Work to be completed: Without including any images, output the listing below exactly.

Provided material:
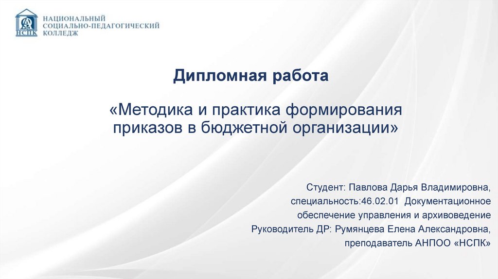 • Объект: Методы и принципы разработки приказов в бюджетном учреждении.
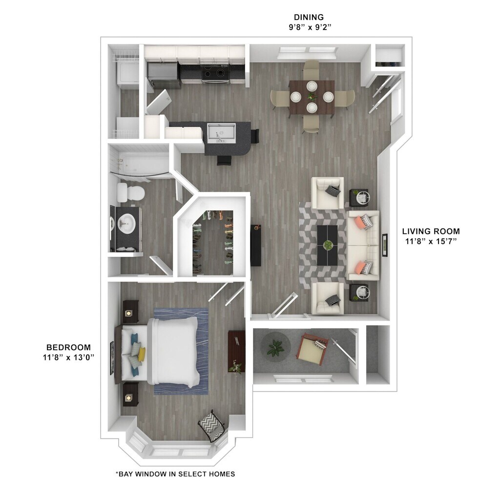 1 Bed, 1 Bath, 718-737 sq ftAvailable NowModel Gallery
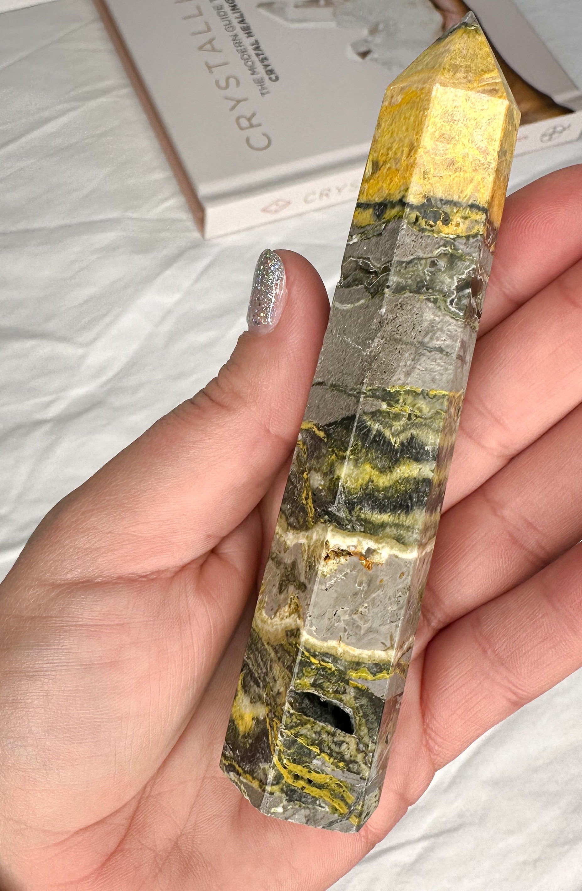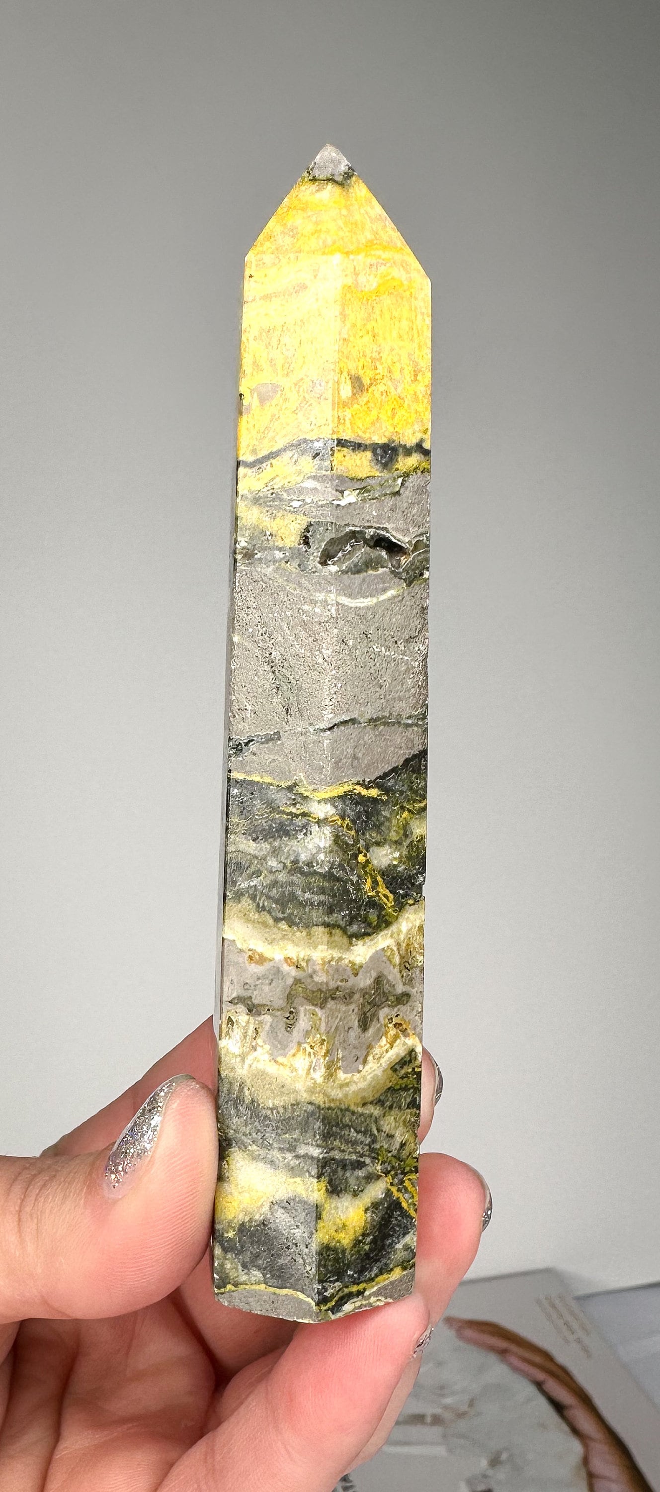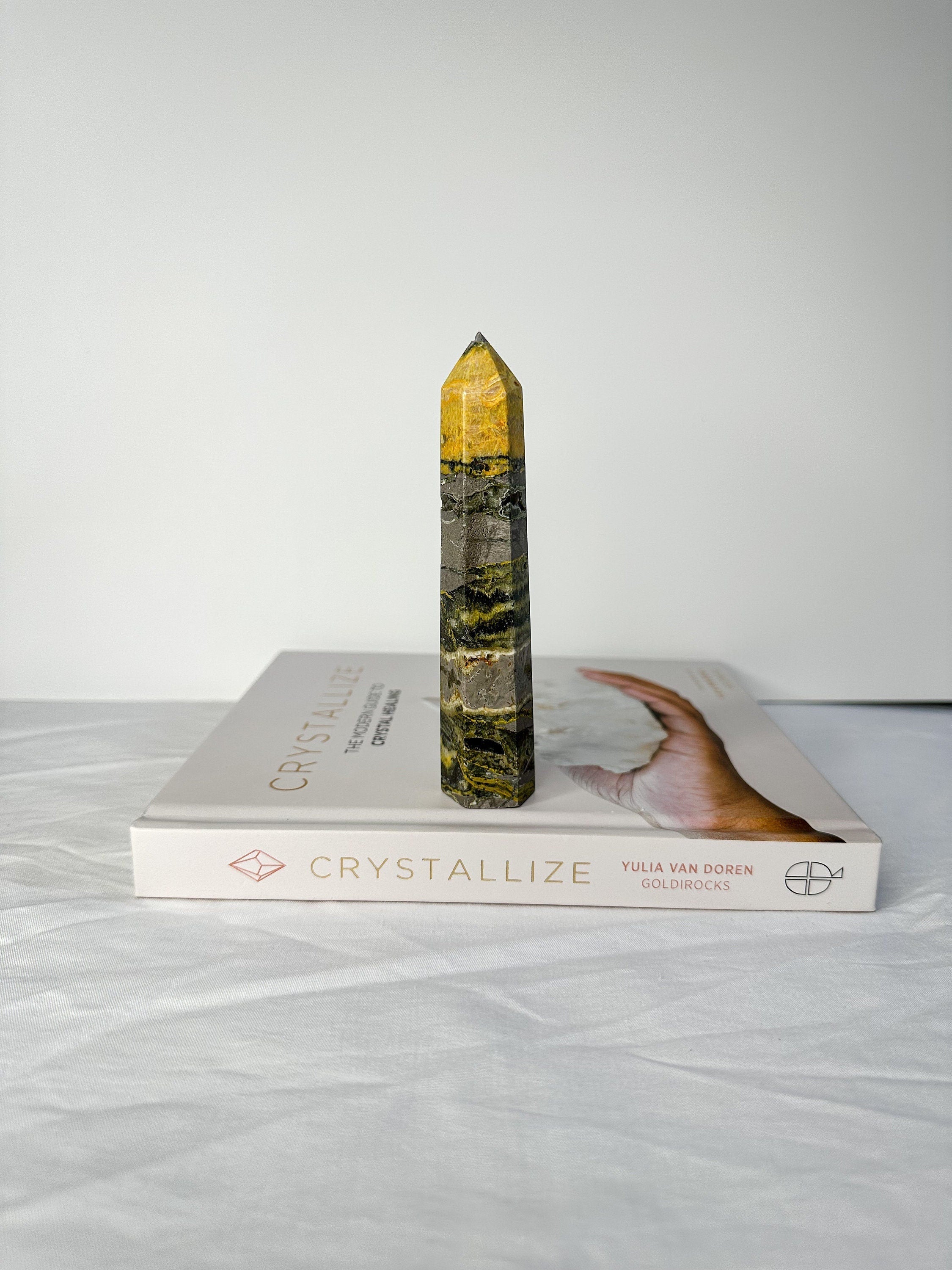 Beautiful high quality bumblebee jasper tower with druzy pocket.

Worked solution:
 • Объект: Методы и принципы разработки приказов в бюджетном учреждении.
 1 Bed, 1 Bath, 718-737 sq ftAvailable NowModel Gallery
 Beautiful high quality bumblebee jasper tower with druzy pocket.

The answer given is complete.